Sql-server – How to resolve issue with deleted table in SQL Server Database Diagrams

database-designsql-server-2008

I am working on a database design using the SQL Server Database Diagram tool. I created a table with the name dbo.Example and before defining any columns, attempted to save.

Got an error that SQL can't save a table without any columns and as I wanted to save the other work I had done before completing this table, I deleted it and saved successfully.

I then make many more changes and save the diagram. All is good.

UNTIL I am ready to correctly define my dbo.Example table and get the

'Table 'dbo.Example' already exists' error.

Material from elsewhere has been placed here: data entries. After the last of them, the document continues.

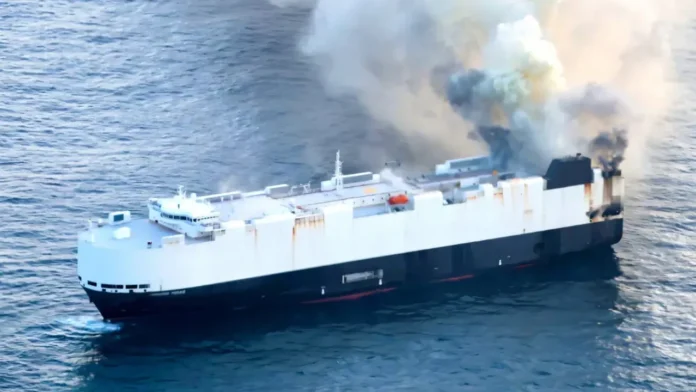 这起事件发生在6月初,Morning Midas号货船原定前往墨西哥,船上装载了多款中国制造的汽车。火灾从船上发动后,船员尝试扑灭火焰但未能成功,最终被迫撤离。此后,船只漂浮在太平洋,距离最近的阿拉斯加岛屿约480公里。根据报道,船上包含来自中国的知名品牌如GWM和奇瑞的车辆,其中还包括约800辆电动汽车。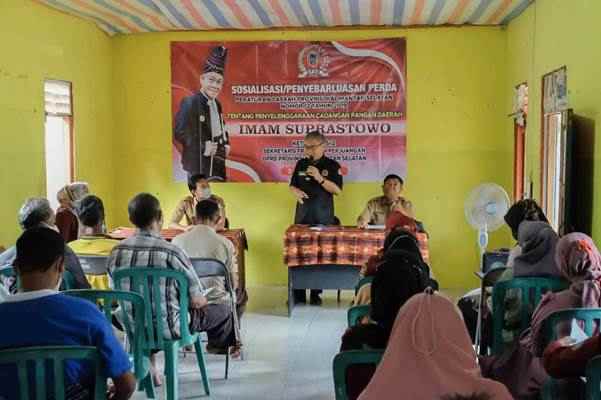 Pelaihari, BARITO – Ketua Komisi II DPRD Provinsi Kalimantan Selatan Imam Suprastowo menyelenggarakan kegiatan Sosialisasi Peraturan Daerah (Perda) Kalsel Nomor 12 Tahun 2019 tentang Penyelenggaraan Cadangan Pangan bertempat di Kelurahan Karang Taruna Kabupaten Tanah Laut, Senin (4/4/2022).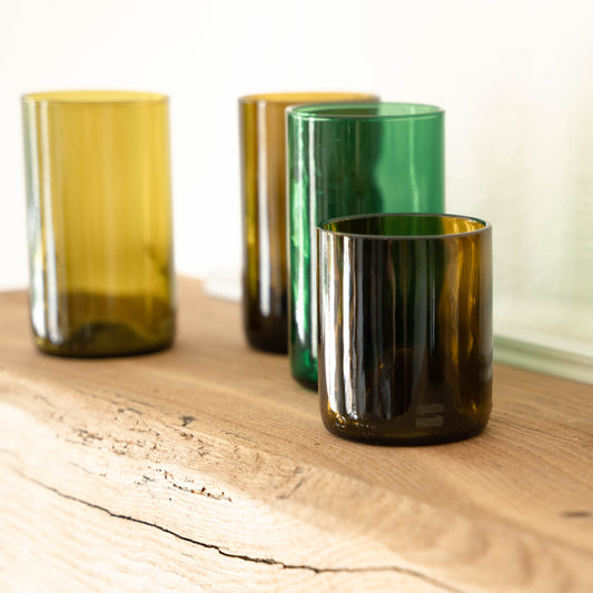 UPcycled Korte "Olijf" Drinkglazen - Set van 6 - 250ml - Duurzame waterglazen

The table is not among the tables returned from

select name from sys.tables;

and does not appear in the Database->Tables GUI view.

I can't find where I need to clean up and drop this table.

Where does SQL Server keep the metadata about the database diagrams?

Best Answer

This is a bug in Management Studio.

I was able to reproduce it three ways, on both 2008 R2 and 2012 tools:

  1. Create a new diagram; create a new empty table (any name); delete the table; in the same diagram, try to create a new table with the same name.
  2. Create a new diagram; create a new empty table; delete the table; create a new diagram in the same database, and while the first one is still open, create a new table with the same name.
  3. Create a new diagram; create a new empty table; delete the table; create a new diagram in the same database; close the first diagram; in the second diagram, create a new table with the same name.

From this behaviour, I'm guessing it keeps a list of tables per database outside the context of a single database diagram, and when an empty table is deleted, the reference isn't being cleaned up properly. I believe the fix is to close all diagrams for that database, and re-open. I think it's lucky you were able to save the changes you made with no errors!

I would suggest reporting this on Connect if you feel it's really important. IMO, it seems unlikely it will be fixed because it's so minor, but you never know.